Department of Chemical Engineering, Massachusetts Institute of Technology, Cambridge, Massachusetts 02139, United States.
Biologics Development, Sanofi, Framingham, Massachusetts 01701, United States.
Mol Pharm. 2021 Mar 1;18(3):1167-1175. doi: 10.1021/acs.molpharmaceut.0c01073. Epub 2021 Jan 15.

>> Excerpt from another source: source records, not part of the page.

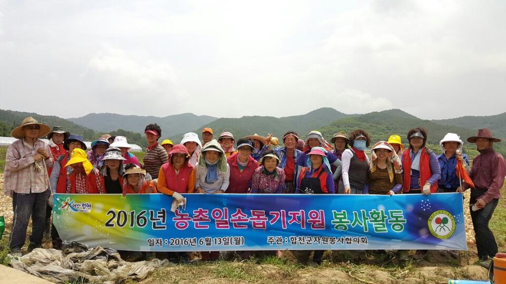 합천군자원봉사협의회에서는 매년 상·하반기 2회에 걸쳐 농촌일손돕기 봉사활동을 하고 있으며, 이외에도 거동불편 저소득 노인 식사배달, 어려운 노인 생신상 차려드리기 및 김장나눔봉사, 시설방문 목욕봉사 활동, 환경정화활동, 각종 문화ㆍ체육 행사 도우미 등 따뜻한 손길이 필요한 지역사회 곳곳에서 지속적인 봉사활동을 펼쳐나가고 있다.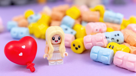 A charming Lego minifigure with blonde hair stands next to a vibrant red heart-shaped balloon, surrounded by a playful scattering of colorful candy puffs on a soft purple surface. The scene evokes a sense of joy and childhood wonder.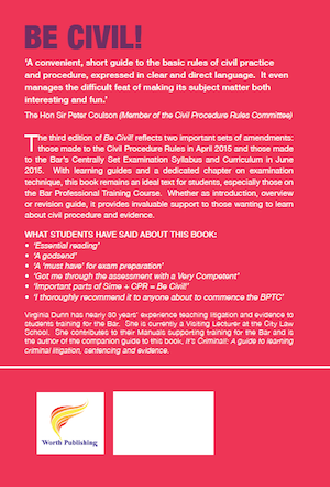 ‘Be civil: A guide to learning civil litigation and evidence’ 3rd Edition by Virginia Dunn MA Barrister 2016 ISBN 9781903269350 RRP: £39.00 |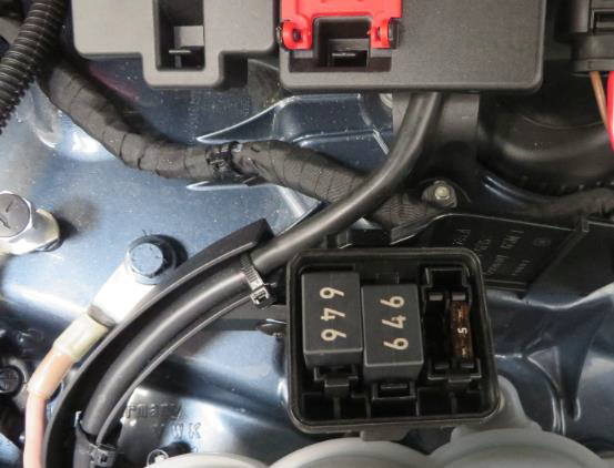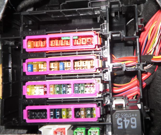 Рис. 5. В пространстве для ног слева по направлению движения рядом с педальным узлом под опорной для ног расположен блок предохранителей и реле для салона автомобиля. Он содержит 5-рядные отдельные блоки A-F и ряд предохранителей Maxifuses вместе с реле с замыкающим контактом. Maxisfuse и реле отвечают заходовую часть и DME. Чтобы получить доступ к этому блоку предохранителей и реле в автомобиле с левым рулем, необходимо выкрутить сверху на опоре для ног винт с головкой Torx.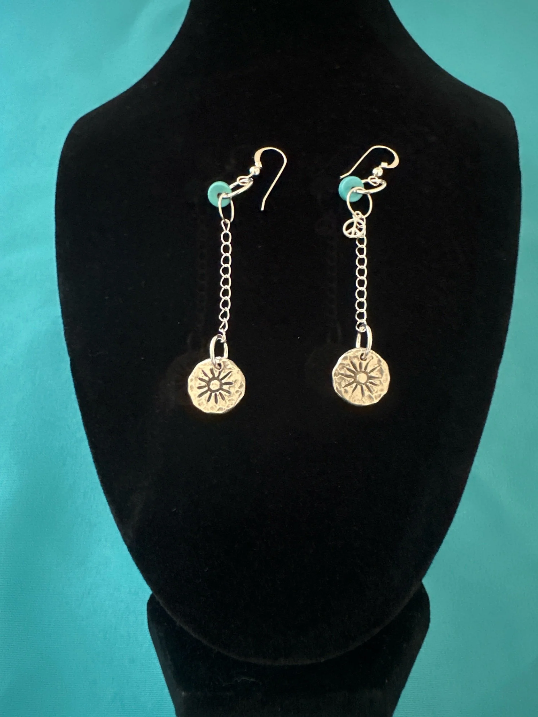 Sterling silver rings and ear wires, are decorated with “Turquoise” (Howlite) beads.

Predicting the solution viscosity of monoclonal antibody (mAb) drug products remains as one of the main challenges in antibody drug design, manufacturing, and delivery. In this work, the concentration-dependent solution viscosity of 27 FDA-approved mAbs was measured at pH 6.0 in 10 mM histidine-HCl. Six mAbs exhibited high viscosity (>30 cP) in solutions at 150 mg/mL mAb concentration. Combining molecular modeling and machine learning feature selection, we found that the net charge in the mAbs and the amino acid composition in the Fv region are key features which govern the viscosity behavior. For mAbs whose behavior was not dominated by charge effects, we observed that high viscosity is correlated with more hydrophilic and fewer hydrophobic residues in the Fv region. A predictive model based on the net charges of mAbs and a high viscosity index is presented as a fast screening tool for classifying low- and high-viscosity mAbs.

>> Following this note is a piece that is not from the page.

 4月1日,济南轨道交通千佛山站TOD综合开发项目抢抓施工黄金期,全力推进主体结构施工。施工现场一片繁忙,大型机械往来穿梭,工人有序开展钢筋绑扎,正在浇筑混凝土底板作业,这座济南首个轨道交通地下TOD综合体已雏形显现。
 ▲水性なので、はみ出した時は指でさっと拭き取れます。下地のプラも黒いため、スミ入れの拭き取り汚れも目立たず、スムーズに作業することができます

预测单克隆抗体 (mAb) 药物产品的溶液黏度仍然是抗体药物设计、制造和输送的主要挑战之一。在这项工作中,在 pH 6.0 下,在 10 mM 组氨酸-HCl 中测量了 27 种 FDA 批准的 mAb 的浓度依赖性溶液黏度。在 150 mg/mL mAb 浓度的溶液中,有 6 种 mAb 表现出高黏度 (>30 cP)。通过分子建模和机器学习特征选择,我们发现 mAb 中的净电荷和 Fv 区域中的氨基酸组成是控制黏度行为的关键特征。对于不受电荷效应主导的 mAb,我们观察到高黏度与 Fv 区域中更多的亲水残基和更少的疏水残基相关。提出了一种基于 mAb 的净电荷和高黏度指数的预测模型,作为一种快速筛选工具,用于分类低黏度和高黏度 mAb。